Велікан ета такі велікі чалавек, вышей лесу, галава ў его такая здаравенная, як разрез (большая кадка. – С. Т. >, а ногі бы наче сохі у гумне багатыра. Міз зубамі ён карпаў сахаром, тым што цепер накідаюць гной на калёса; козы з носа выцягаў клюкаю. Калі треба было зрабіць кавеньку, дак ён вырве з кареннем берозу, такую, як на рагач, ножыкам абцеребіць галле, пакіне аднаго кореня дай гатова кавенька.

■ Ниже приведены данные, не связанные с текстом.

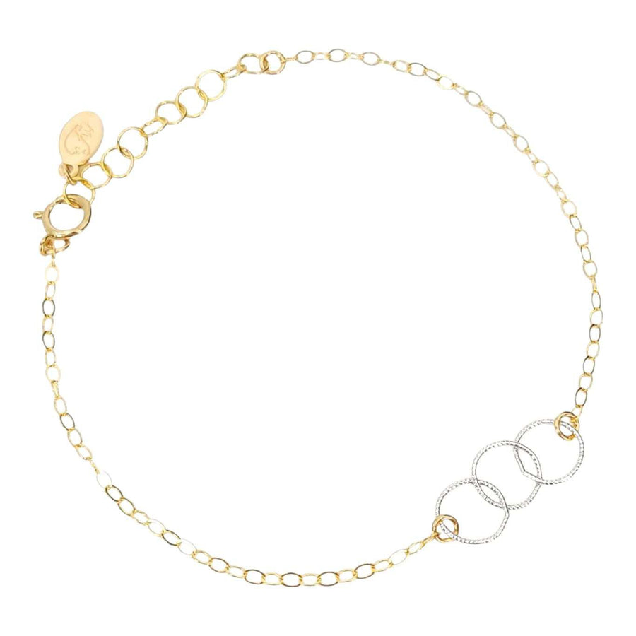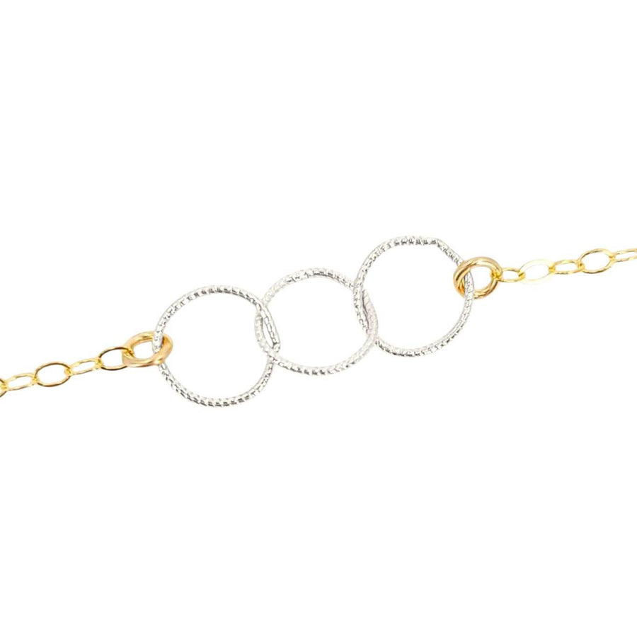 This delicate bracelet features three interlocked textured circles of sterling silver on a 7-inch 14k yellow gold fill chain.
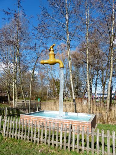 Keywords: faucet water column free standing floating optical deception yellow water water running artwork art object deception water marsh
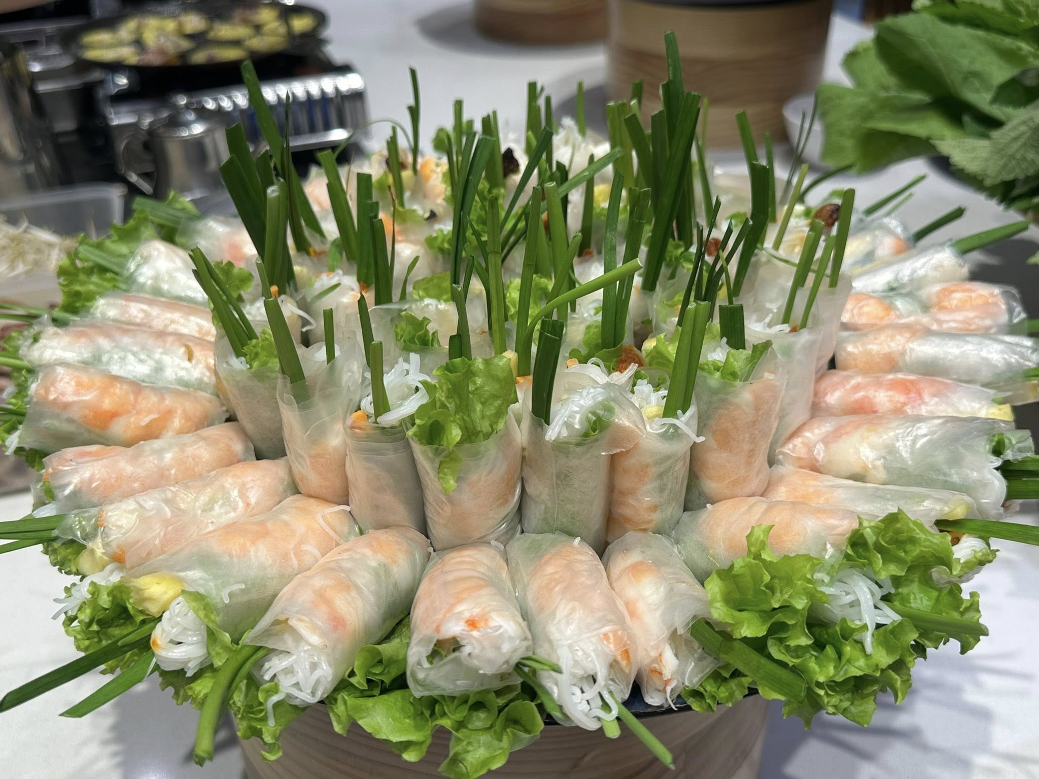 Từ Bắc vào Trung, không gian ẩm thực chuyển mình sang sắc thái mộc mạc, nắng gió nhưng đầy cuốn hút. Bánh tráng cuốn thịt heo từng là “đặc sản quốc dân” của Đà Nẵng nay được tái hiện trọn vẹn tại Poseidon. Thịt heo luộc mềm, bún trắng, rau sống đủ loại, cuốn cùng bánh tráng mỏng, chấm mắm nêm đậm đà, ăn một cuốn là thấy rõ cái hồn của miền Trung: giản dị nhưng rất khó quên.
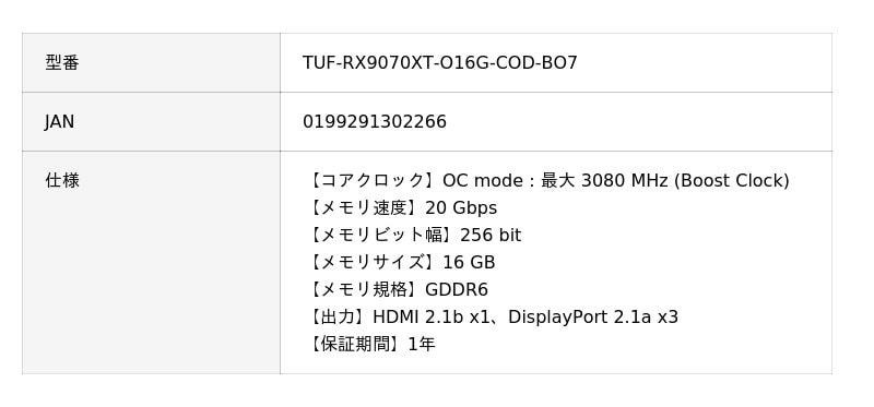 TUF-RX9070XT-O16G-COD-BO7 | ASUS(エイスース) Radeon RX 9070 XT トリプルファン搭載 オーバークロックグラフィックボード COD BO7 スペシャルエディション
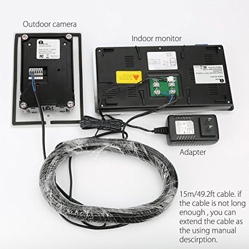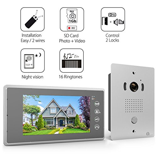 -. Brand : 1byone -. Feature : Security through Vision - The wall-mounted 7-inch color monitor and outdoor doorbell with integrated HD camera ensures you can both see and speak with all visitors / Durable Construction - The Outdoor doorbell is constructed using a full aluminum front panel for protection from vandalism, while waterproofing protects from the elements. IR (infrared) LED projection provides clear vision of visitors even in the darkness of night. / Save Videos and Photos - Videos and photos taken from the outdoor doorbell can be stored on an inserted SD cards or the monitor's internal memory for later viewing. (Note: Saving video requires an SD card, up to 32gb, not included) / Easy installation: Easy 2-wire setup system includes installation materials and 49-foot (15-meter) connection cable. / Lock Control - Control up to 2 electric door/gate locks directly from the color monitor for even further security and convenience. -. Label : 1byone -. Manufacturer : 1byone -. Model : O00VP-0637 -. MPN : O00VP-0637 -. PackageQuantity : 1 -. PartNumber : O00VP-0637 -. ProductGroup : Home Improvement -. ProductTypeName : HOME_LIGHTING_ACCESSORY -. Publisher : 1byone -. Studio : 1byone -. Title : 1byone Video Doorphone 2-Wires Video Intercom System 7-inch Color Monitor and HD Camera Video Doorbell with 49ft Cable, Flush Mounted Outdoor Doorbell

Кажуць, што ешче даўней, перед патопаю жылі ешче болыные веліканы (…) Кажуць, што людзі будуць радзіцся ўсё меныные да меныные, а перед самым канцом сьвета стануць такіе маленькіе, што дванаццать чалавек ў адной печы памесьцяцса і будуць ўсе разам хлеб малаціць.
Связанный с темой великанов мотив чередования поколений людей разного калибра может относиться как к временному, так и к пространственному плану. Чаще всего великанами считали пралюдей, а карликами – будущих людей, которые сменят теперешних. У восточных славян популярен рассказ о том, как первобытный великан встречает и воспринимает нового, «нашего» человека:
...Адзін з тых велікалюдаў ішоў сабе аднаго разу, ажно спатыкае нашага чалавека конно едучы, так ні ведаўшы, што гэто за стварэніе, узяў его з канём на руку, прынёс да мацеры і пытае: «Мамо, што гэто за чэрвячок?» – «Гэто, кажа, ні чэрвячок, але людзі гэтакіе малые будуць, як мы паўмераем».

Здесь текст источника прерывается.